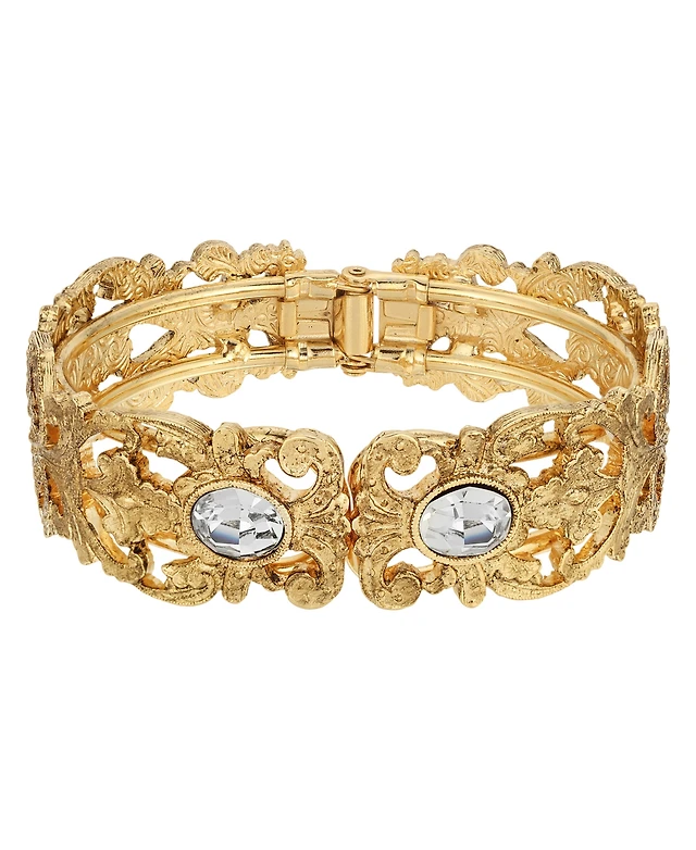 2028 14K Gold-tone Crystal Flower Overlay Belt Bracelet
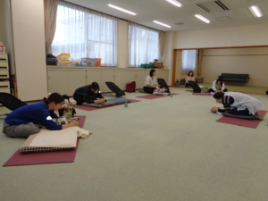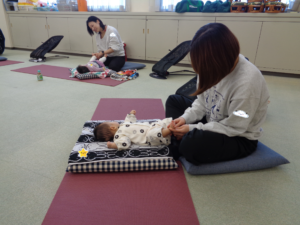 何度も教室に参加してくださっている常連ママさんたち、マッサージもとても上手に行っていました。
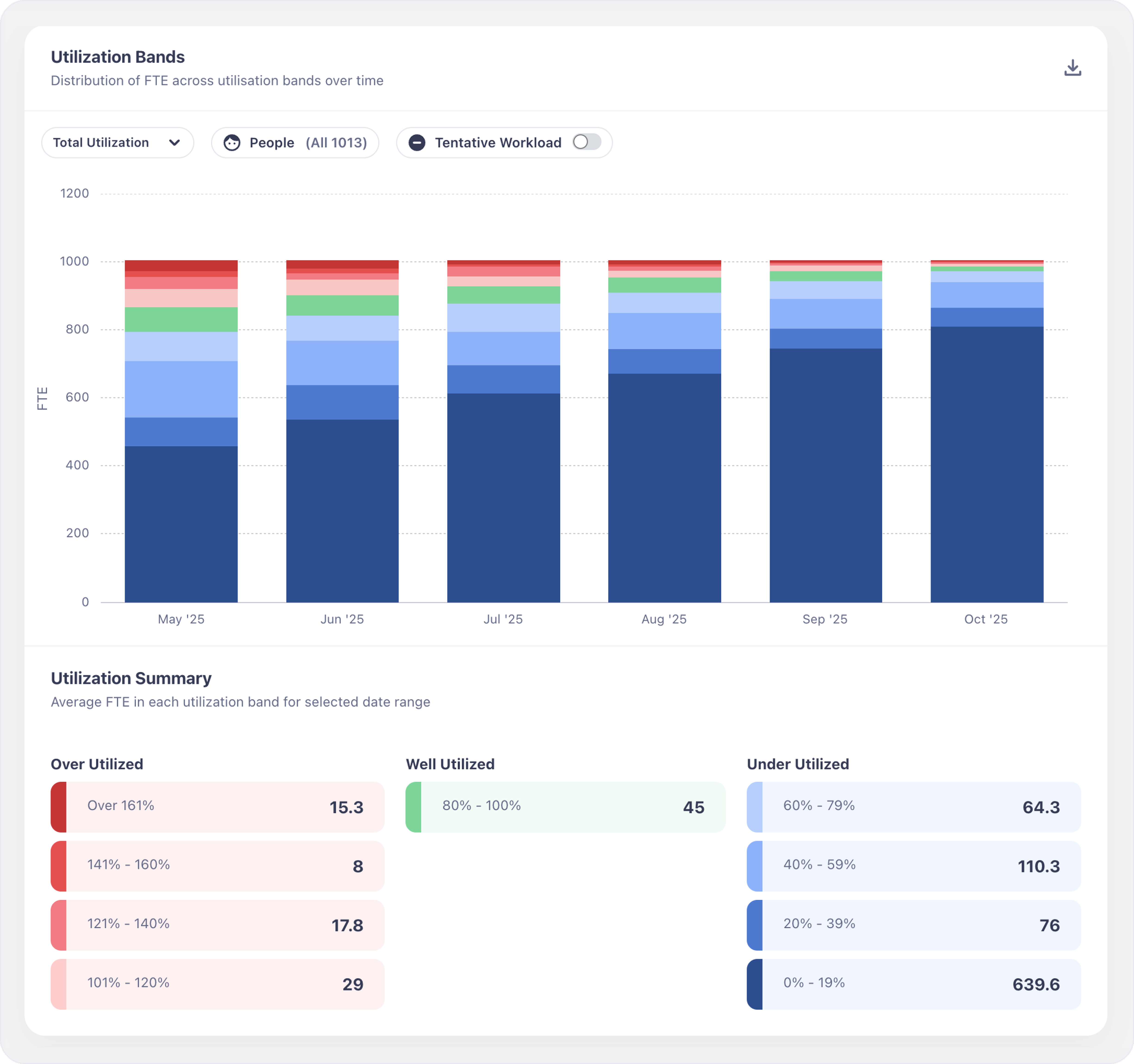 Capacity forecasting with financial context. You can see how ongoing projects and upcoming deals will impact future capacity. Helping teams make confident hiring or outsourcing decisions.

**REQUIREMENT**
Copy out all the data exactly. The images should not appear in the copy.

**FINISHED TASK**
 2028 14K Gold-tone Crystal Flower Overlay Belt Bracelet
 何度も教室に参加してくださっている常連ママさんたち、マッサージもとても上手に行っていました。
 Capacity forecasting with financial context. You can see how ongoing projects and upcoming deals will impact future capacity. Helping teams make confident hiring or outsourcing decisions.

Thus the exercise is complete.